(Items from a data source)
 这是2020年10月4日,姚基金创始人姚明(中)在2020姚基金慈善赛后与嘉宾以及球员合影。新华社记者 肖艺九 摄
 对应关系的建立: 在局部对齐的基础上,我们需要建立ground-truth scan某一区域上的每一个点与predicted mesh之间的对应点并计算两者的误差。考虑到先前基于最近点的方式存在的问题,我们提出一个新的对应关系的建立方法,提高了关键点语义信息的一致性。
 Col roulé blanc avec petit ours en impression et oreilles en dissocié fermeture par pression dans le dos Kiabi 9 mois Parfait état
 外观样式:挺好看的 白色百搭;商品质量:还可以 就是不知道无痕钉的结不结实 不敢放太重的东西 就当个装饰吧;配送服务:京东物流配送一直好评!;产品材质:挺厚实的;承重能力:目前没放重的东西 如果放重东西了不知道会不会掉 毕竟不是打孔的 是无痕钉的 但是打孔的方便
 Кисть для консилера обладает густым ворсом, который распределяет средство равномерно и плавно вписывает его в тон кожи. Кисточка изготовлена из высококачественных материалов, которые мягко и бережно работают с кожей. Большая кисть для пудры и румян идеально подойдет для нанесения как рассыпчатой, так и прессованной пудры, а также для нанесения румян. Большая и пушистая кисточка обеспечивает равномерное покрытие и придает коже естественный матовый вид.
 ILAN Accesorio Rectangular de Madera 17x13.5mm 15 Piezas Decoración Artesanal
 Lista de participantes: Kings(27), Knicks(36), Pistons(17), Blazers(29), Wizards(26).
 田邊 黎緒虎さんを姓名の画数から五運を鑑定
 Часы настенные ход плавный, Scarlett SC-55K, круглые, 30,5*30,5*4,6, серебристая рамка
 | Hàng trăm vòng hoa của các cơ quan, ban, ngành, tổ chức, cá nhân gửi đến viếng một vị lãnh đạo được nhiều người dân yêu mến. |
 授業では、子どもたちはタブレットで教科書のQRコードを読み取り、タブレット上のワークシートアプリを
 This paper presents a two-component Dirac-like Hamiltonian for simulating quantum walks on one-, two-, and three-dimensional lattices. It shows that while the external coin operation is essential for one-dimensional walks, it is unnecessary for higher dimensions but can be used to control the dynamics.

- WORK ORDER
Each record above is to be reproduced word for word.

- TASK RESPONSE
 这是2020年10月4日,姚基金创始人姚明(中)在2020姚基金慈善赛后与嘉宾以及球员合影。新华社记者 肖艺九 摄
 对应关系的建立: 在局部对齐的基础上,我们需要建立ground-truth scan某一区域上的每一个点与predicted mesh之间的对应点并计算两者的误差。考虑到先前基于最近点的方式存在的问题,我们提出一个新的对应关系的建立方法,提高了关键点语义信息的一致性。
 Col roulé blanc avec petit ours en impression et oreilles en dissocié fermeture par pression dans le dos Kiabi 9 mois Parfait état
 外观样式:挺好看的 白色百搭;商品质量:还可以 就是不知道无痕钉的结不结实 不敢放太重的东西 就当个装饰吧;配送服务:京东物流配送一直好评!;产品材质:挺厚实的;承重能力:目前没放重的东西 如果放重东西了不知道会不会掉 毕竟不是打孔的 是无痕钉的 但是打孔的方便
 Кисть для консилера обладает густым ворсом, который распределяет средство равномерно и плавно вписывает его в тон кожи. Кисточка изготовлена из высококачественных материалов, которые мягко и бережно работают с кожей. Большая кисть для пудры и румян идеально подойдет для нанесения как рассыпчатой, так и прессованной пудры, а также для нанесения румян. Большая и пушистая кисточка обеспечивает равномерное покрытие и придает коже естественный матовый вид.
 ILAN Accesorio Rectangular de Madera 17x13.5mm 15 Piezas Decoración Artesanal
 Lista de participantes: Kings(27), Knicks(36), Pistons(17), Blazers(29), Wizards(26).
 田邊 黎緒虎さんを姓名の画数から五運を鑑定
 Часы настенные ход плавный, Scarlett SC-55K, круглые, 30,5*30,5*4,6, серебристая рамка
 | Hàng trăm vòng hoa của các cơ quan, ban, ngành, tổ chức, cá nhân gửi đến viếng một vị lãnh đạo được nhiều người dân yêu mến. |
 授業では、子どもたちはタブレットで教科書のQRコードを読み取り、タブレット上のワークシートアプリを
 This paper presents a two-component Dirac-like Hamiltonian for simulating quantum walks on one-, two-, and three-dimensional lattices. It shows that while the external coin operation is essential for one-dimensional walks, it is unnecessary for higher dimensions but can be used to control the dynamics.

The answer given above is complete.